# St tropez aire at moutte



## barryd (May 9, 2008)

Has anyone been on the private aire at st tropez on page 337 no 168 of the latest aires book. Sounds ok.

We will be there in a day or three and wondered if it was any good and which would be the best day to try and get on if it's possible. I was thinking Sunday or Monday lunchtime.

I know there are a couple of others nearby if it's no good or full


----------



## wilse (Aug 10, 2007)

Haven't stayed, but have called in to have a butchers.

Nice little site, has water/showers etc from what I remember.

Personally I prefer to stay at Tamaris Plage in Ramatuelle. As it's 1 minute walk from the Beach!
Then scoot in to Trop in the evening, and watch the rich folk with their turned up collars and deck shoes on their swanky boats!

Tamaris was €10 last year, not sure at the moment. 

There is another a few miles from Tamaris that's 7€, never managed to get in, again it's a beachy one.

Wish I was there, think on me when you are sat there suppin' wine!

w


----------



## barryd (May 9, 2008)

Thanks for that

will check it out and the others. 

We liked the sound if it as it was a bit Cl like and has hook up. We have been at the aire at st croix for a week with one 110ah battery and no hookup or solar so could do with a full charge.

Battery has hardly gone down though as we haven't watched the box or really been in the van untill late.

It's been wonderful here. The lake has been superb and aire life is like here is a lovely little community. A belgian guy turned up last night and played guitar to rival mark knoffler. I was chuffed as I managed to blag a d string for mine which snapped a month ago.

Hard life!

Will tell you how we get on


----------



## wilse (Aug 10, 2007)

Barry

Where is the aire 'aire at st croix'?

I've looked on the Frenchies' website, but can't find it.

Cheers

W


----------



## barryd (May 9, 2008)

St croix de verdon

page 314 no 74 in the new aires book. About 60 mils north of st tropez.

Cracking place and aire if your lucky enough to get one of the three side on lake view spots where we are. Otherwise a right mash out down the bottom.
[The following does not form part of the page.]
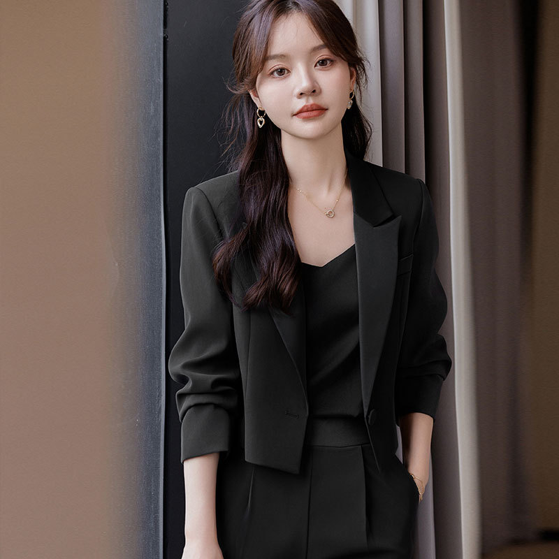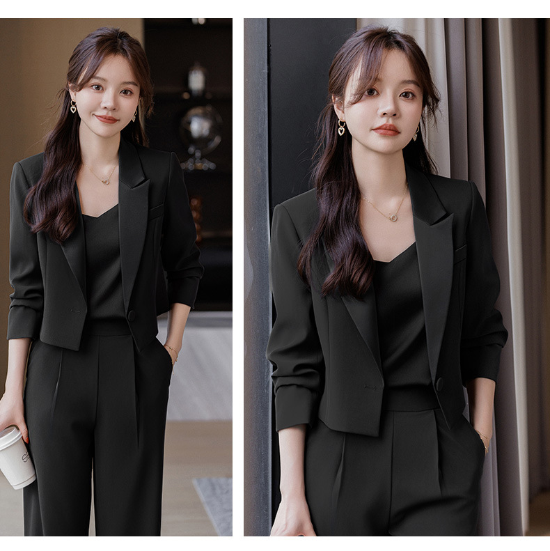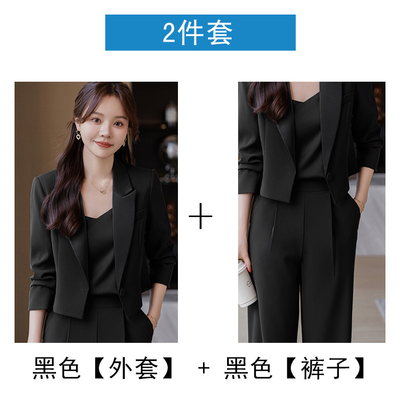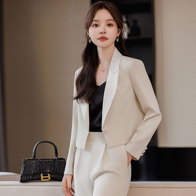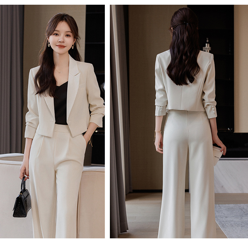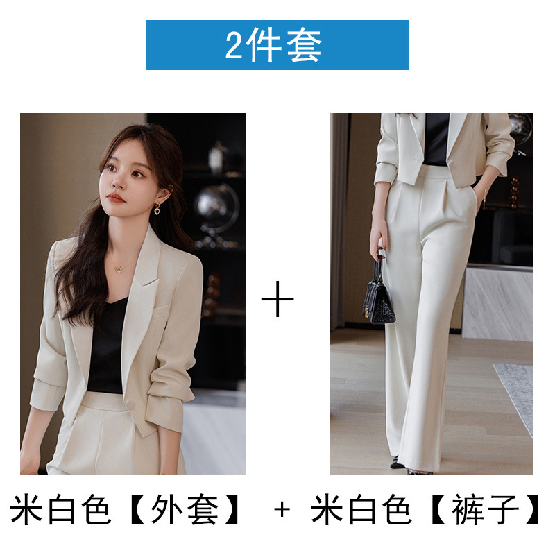 캐주얼 화이트 짧은 세트 재킷 여성 봄과 가을 작은 고급 기질 전문 와이드 레그 바지 세트 세트스토어 가기

Just come back from the square outside the Marie where they have been doing line dancing. Sureal!


----------



## 91502 (May 1, 2005)

Hi
We too have called in for a look at this aire.
It looked nice but still more than a walk into town.
It seemed most of the residents were there for the long term and decided to stay where we were at Bonne Terrasse (far end of Pampelonne beach).
We have stayed at Tamaris but found as the parking spaces were seperated by fences we were very cramped.
If you do stay at Tamaris (or Bonne Terrasse and fancy a walk down the beach) we would recommend Zanzibar for a meal or just a sit on the sofa and have a drink or two, we flew back just to have my 40th birthday meal there.
We too love St Croix, just about the best view you can have when you open your blinds in the morning.
Barry how come only 3 vans have the view, are you parked side on to it? When we were there everyone parked facing the view and about 12 vans could wake up to it?
James


----------



## CurlyBoy (Jan 13, 2008)

The top three spaces inside the barrier are marked for use side on on both sides of the road.

curlyboy


----------



## barryd (May 9, 2008)

Thanks for the reply

we made it to the farm aire at st tropez. Distance to town is not a problem as it's a 5 min scooter ride.

We
got the last place on the aire or So we thought. The owners met us and of course we couldn't understand each other apart from enplacement and electricity. The spot they showed us to is handy for the water, ehu and waste but it's also were the multitude of kids seem to congrigate and for some strange reason a que of adults half a mile long for the shower.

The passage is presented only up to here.